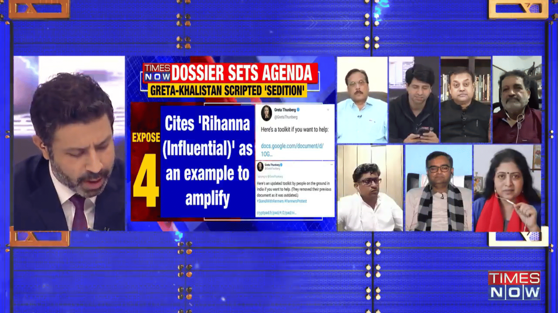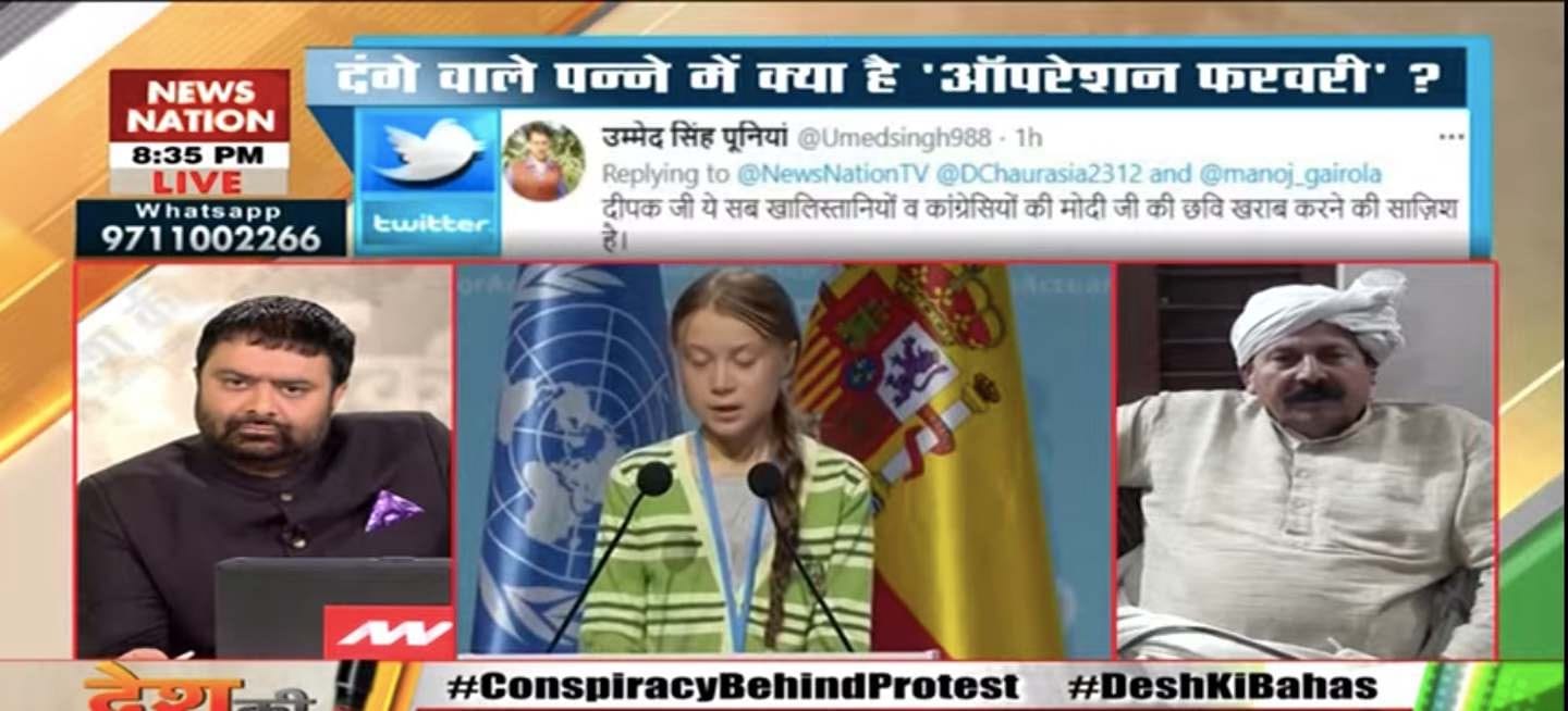 “Do you know Greta Thunberg, Mia Khalifa or Rihanna? They have been writing more than is required on the farmers’ protest these days and spreading lies about India,” anchor Deepak Chaurasia said to BKU president Naresh Tikait.
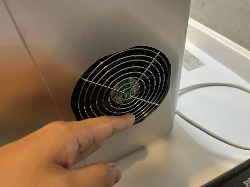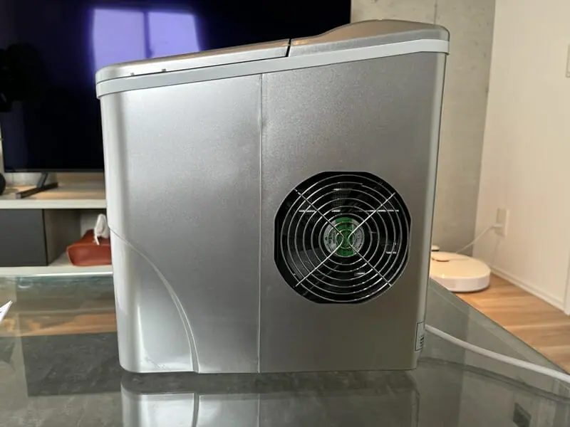 ▼製氷中は側面の排気口から暖かい風が吹き出される。周囲の温度が若干上がるため、なるべく広い場所に設置しておくと良いだろう。
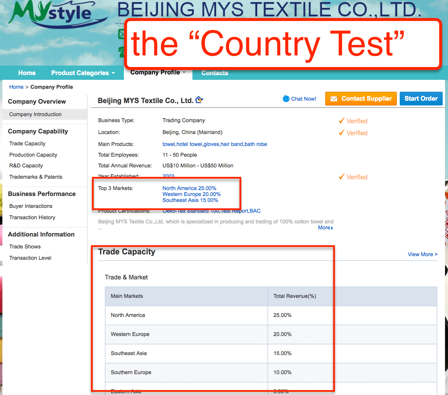 Gary’s “Country Test” asks which countries the supplier exports its products to. The assumption here is that there is a higher quality standard in Europe and North America, and therefore you can expect a higher quality of product from suppliers that export to these regions. If a supplier exports to developing regioins, there may be a poorer product quality.
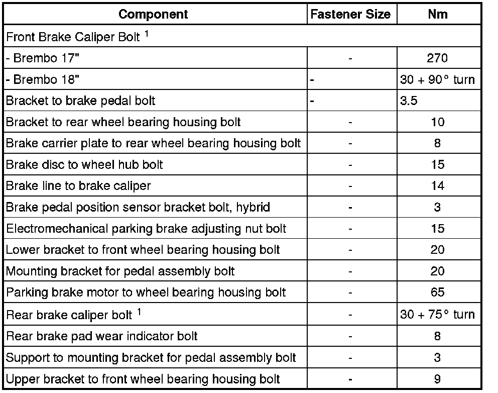Brake System - Mechanical Components - Fastener Tightening Specifications
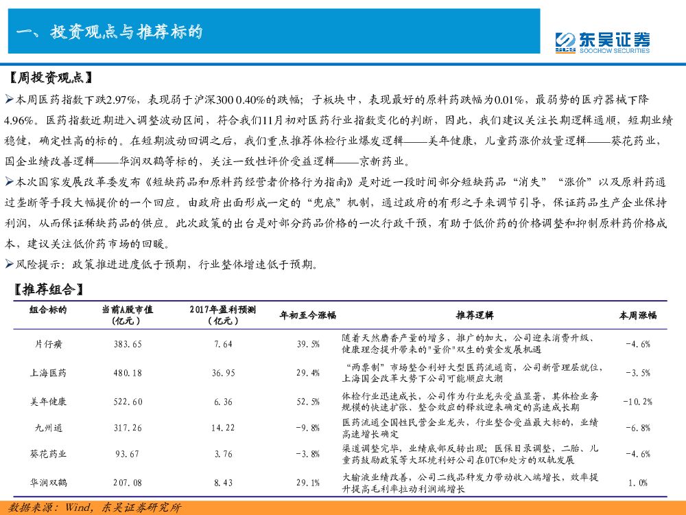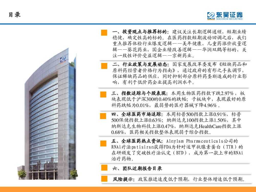 东吴证券:东吴医药行业周观点:医药指数波动期紧抓行业长期发展逻辑,重点推荐:体检—美年健康、儿童药—葵花药业,关注:一致性评价—京新药业.pdf
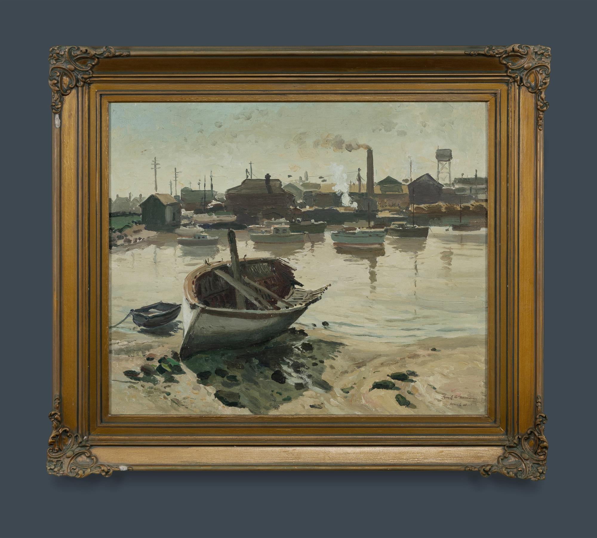 McNAMARA, Frank (1916-1995) Newcastle Harbour, March 1948. Signed lower right. Oil on Canvas on Board 47x57cm PROVENANCE: Davidson Auctions, Sydney, 20th October 2012 (lot 287); Davidson Auctions, Sydney, 24th May 2020 (lot 72)Estimate $300-500
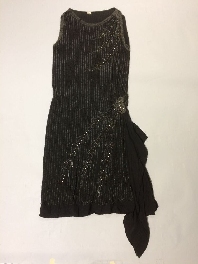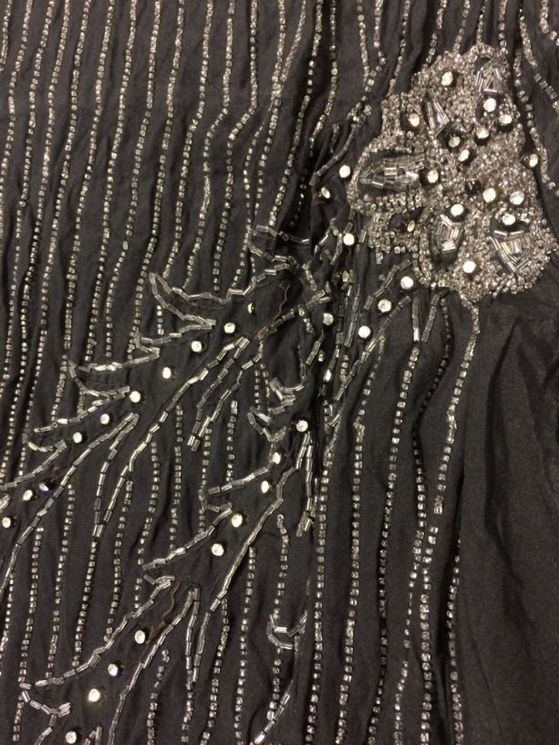 Zwart zijden jurkje met transparante kraaltjes en strass steentjes
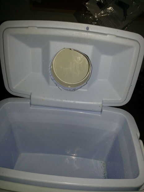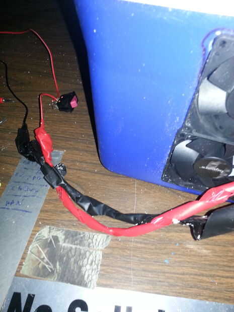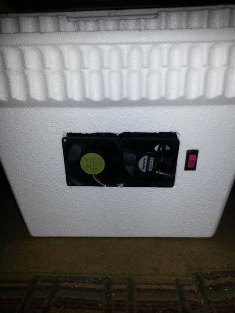 Primero hice un prototipo de una espuma de poliestireno más fresco. Simplemente localizar el entonces la salida de ventilación en la parte superior del refrigerador, utiliza una sierra caladora para cortar el agujero del tamaño correcto. Luego hice lo mismo con el ventilador de la C.C.. Me remonta en la parte frontal de la nevera luego utiliza un taladro para recortar un pequeño círculo para que pudiera ajustar la sierra caladora cortar.
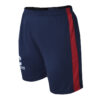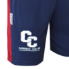 Pantaloneta I. E. Cárdenas Centro. Elaborada Chelsea azul turquí con franja lateral de color Vinotinto, logo de la institución estampado. Un bolsillo al lado derecho.
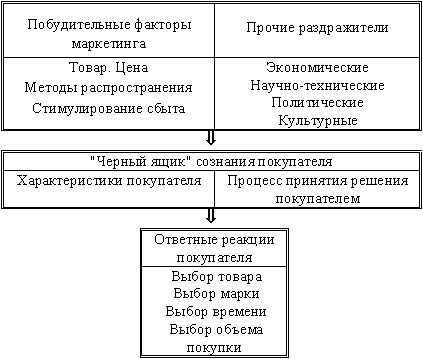 Рис. 6.1. Модель покупательского поведения Задача продавца – понять, что происходит в "черном ящике" сознания потребителя. На поведение покупателя при покупке товара большое влияние оказывают факторы культурного, социального, личного и психологического характера (рис. 6.2.). В своем большинстве это факторы, не поддающиеся контролю со стороны продавца, но их обязательно следует принимать в расчет.

WHAT YOU ARE ASKED TO DO — Pictures stay out. Copy exactly, and only, the lines from the one containing "Zwart zijden jurkje" through the end of the data.

COMPLETED TASK —
 Zwart zijden jurkje met transparante kraaltjes en strass steentjes
 Primero hice un prototipo de una espuma de poliestireno más fresco. Simplemente localizar el entonces la salida de ventilación en la parte superior del refrigerador, utiliza una sierra caladora para cortar el agujero del tamaño correcto. Luego hice lo mismo con el ventilador de la C.C.. Me remonta en la parte frontal de la nevera luego utiliza un taladro para recortar un pequeño círculo para que pudiera ajustar la sierra caladora cortar.
 Pantaloneta I. E. Cárdenas Centro. Elaborada Chelsea azul turquí con franja lateral de color Vinotinto, logo de la institución estampado. Un bolsillo al lado derecho.
 Рис. 6.1. Модель покупательского поведения Задача продавца – понять, что происходит в "черном ящике" сознания потребителя. На поведение покупателя при покупке товара большое влияние оказывают факторы культурного, социального, личного и психологического характера (рис. 6.2.). В своем большинстве это факторы, не поддающиеся контролю со стороны продавца, но их обязательно следует принимать в расчет.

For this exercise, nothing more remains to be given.